In Drosh village, some 45 km from main Chitral city, a young boy cut his life short when he got his exam results. Bakht Zameen, the father grieving his young son’s suicide, speaking to Eos recalls, “My son [Wajid] was a promising boy. He used to work late into the night but owing to his unexpected score in the recent exams, he was disheartened and ended his life by hanging himself in his room.” With tears in his eyes, he explains that one his friends working in Dubai had offered to help Wajid get a foreign scholarship in Dubai if he could score 80 per cent marks in 12th-grade exams.

Muhammad Ali Mujahid, an activist from Chitral, conducted a day-long seminar in Upper Chitral on the issue of suicide in November last year. He believes that so far no serious work has been done to probe the real reasons or find solutions to the problem of young people — mostly girls — committing suicide. “The Khyber Pakhtunkhwa (KP) government should come forward with a team of stakeholders to solve the issue,” he suggests. “As a preventive measure, the Chitral district government could arrange a kind of safety guard and alert system alongside the Chitral River,” he says, to keep watch on the spots along the river where there is greater possibility of such incidents.

Abdul Wali Khan, an advocate and member of the KP Bar Council emphasises how the ratio of suicide among girls in Chitral district is alarming compared to other KP districts. This is a pressing issue which needs to be addressed immediately, he says. “A safe home, or shelter, in the district to provide legal assistance for young women to prevent marriages against their will might make a difference since marriage against will is the most common reason for suicide.” Women can ask for medico-legal assistance if they face domestic issues including violence, harassment or marital issues, etc. About six such functional Darul Aman are located in KP — in Peshawar, Abbottabad, Swat, Mardan, Manshera and Haripur districts. The shelter homes provide institutional-cum-residential care for destitute women and those who leave their homes, in order to help rehabilitate and re-adjuste such women in society and impart vocational training and income-generating skills to them.

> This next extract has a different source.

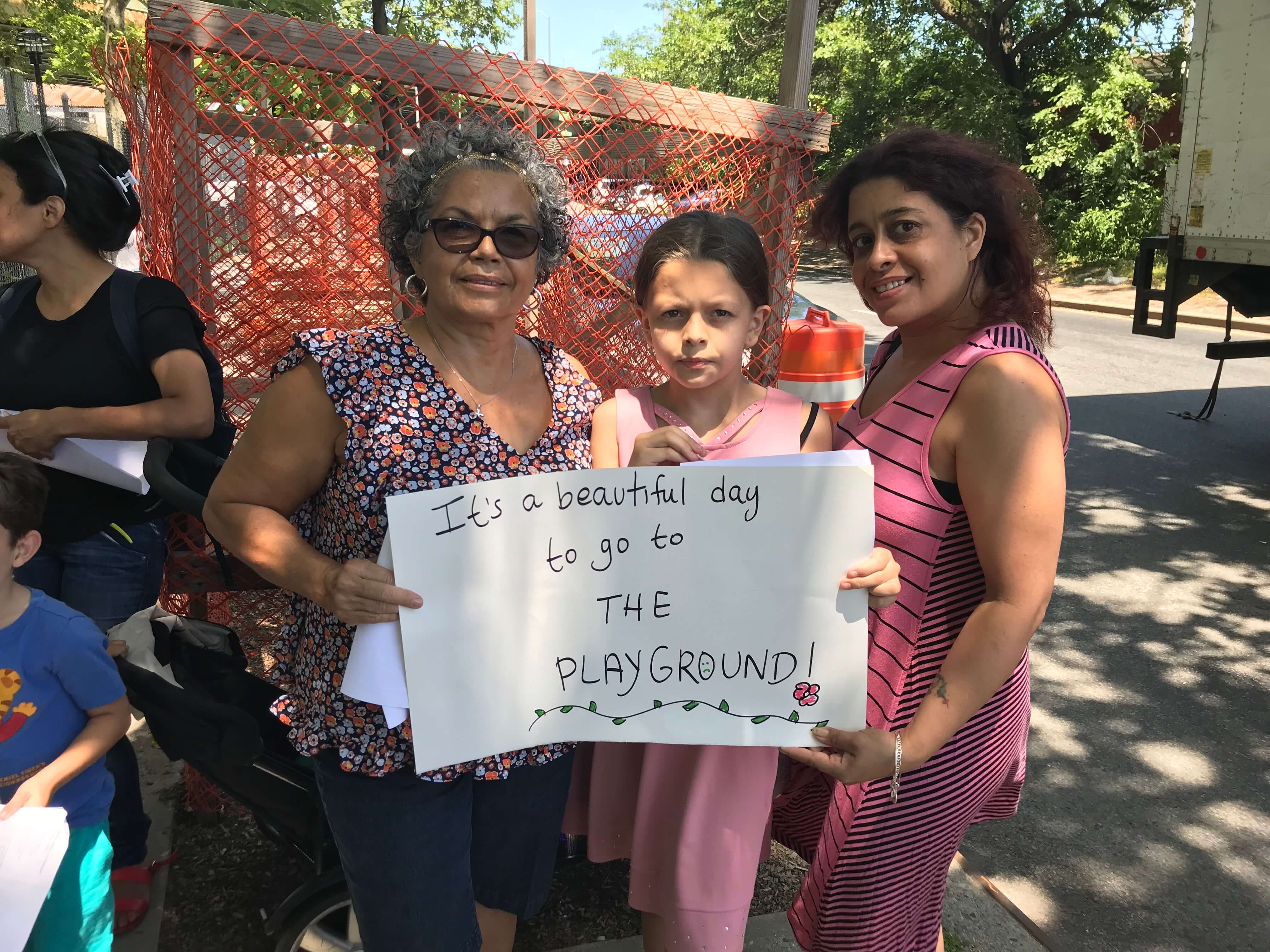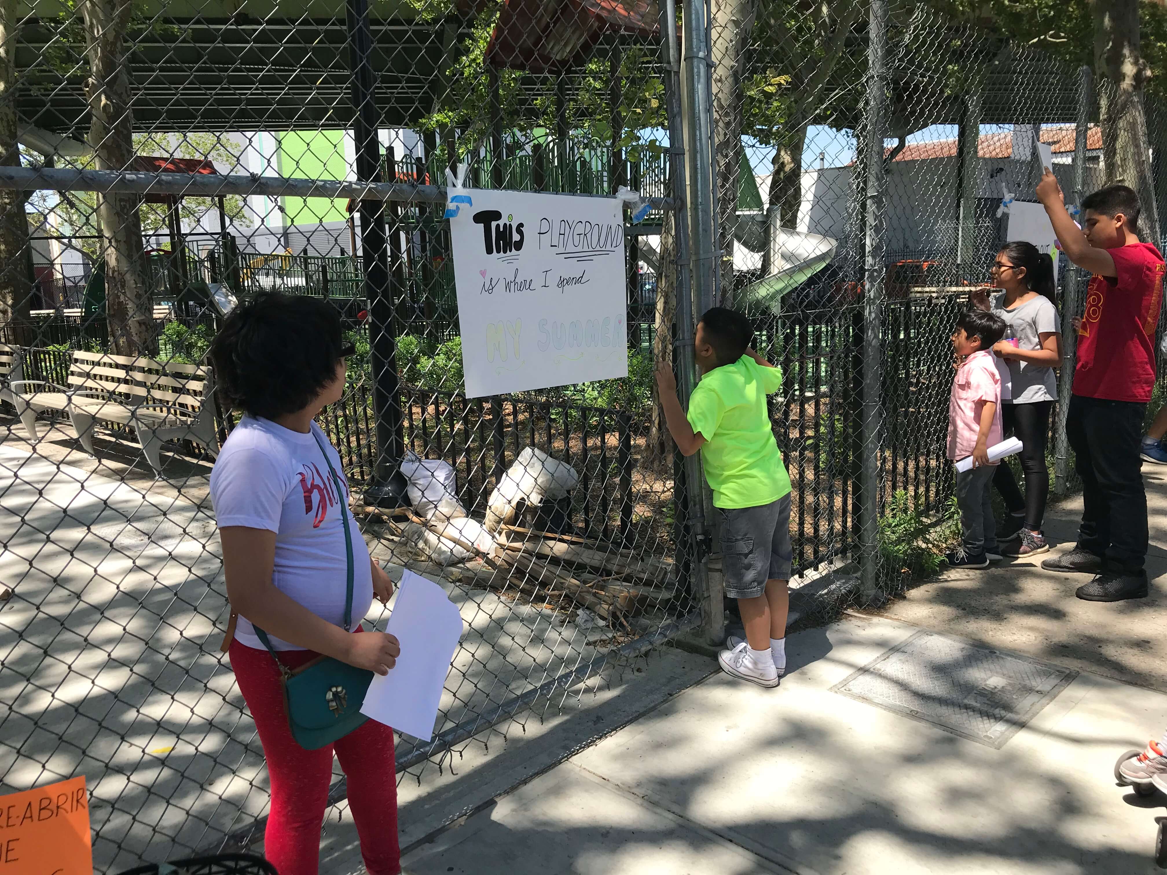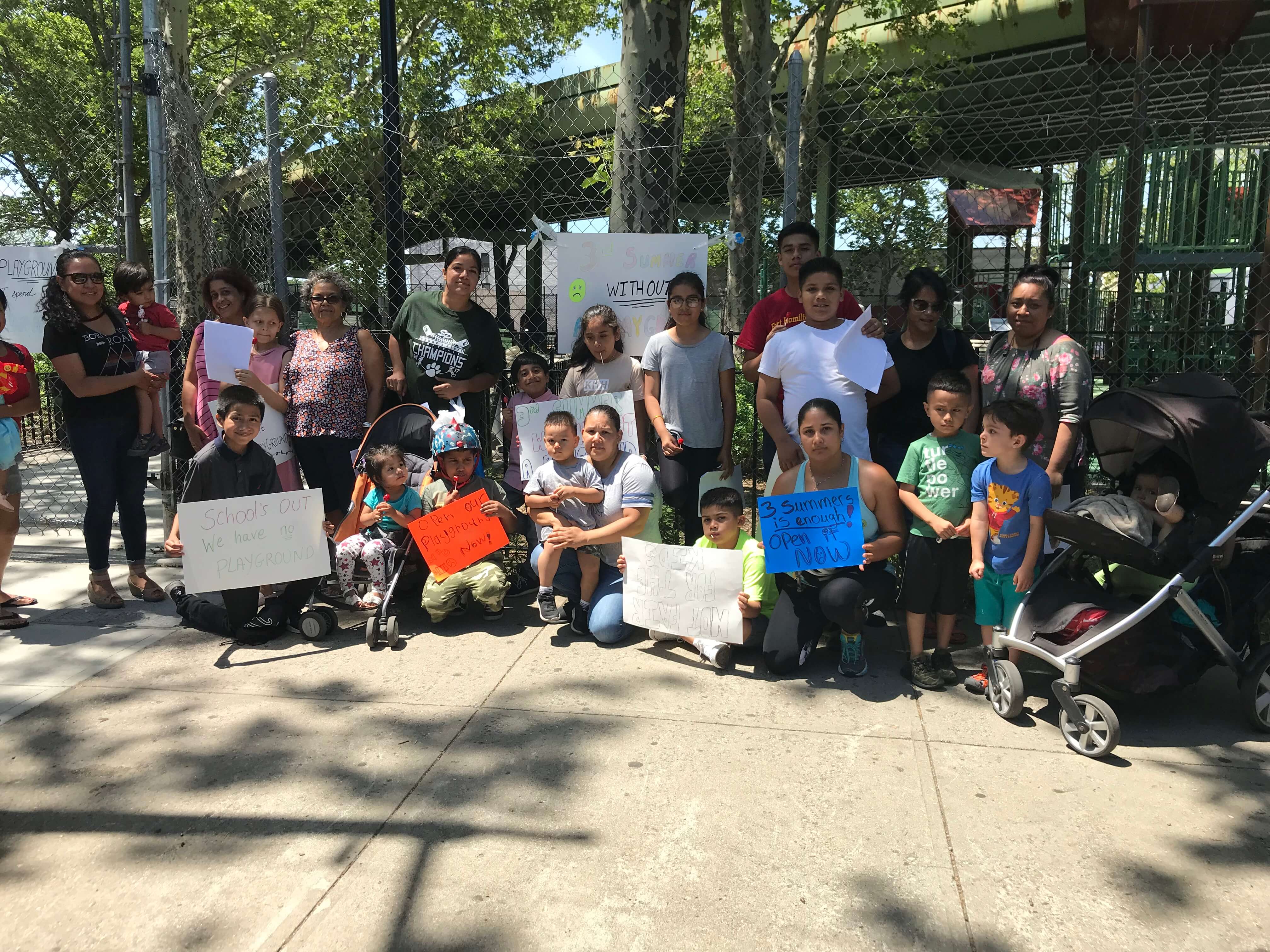 Dozens of parents and their children showed up outside the gated John Allen Payne Park Playground on Third Avenue between 64th and 65th Streets on Tuesday, June 26, upset that the renovation of the space has taken so long and demanding that the city open it in time for summer now that school is officially out.

The women who are victims of violence in KP, including those suffering domestic violence, physical, psychological abuse, rape, swara and vanni (the two customary practices of forced marriage), are accommodated in these shelters.

Khan also recommends that a medico-legal team comprising academics, community elders, psychiatrists and religious scholars should visit the educational institutes in Chitral and meet community members in order to work towards bringing an end to this grim trend among young Chitralis.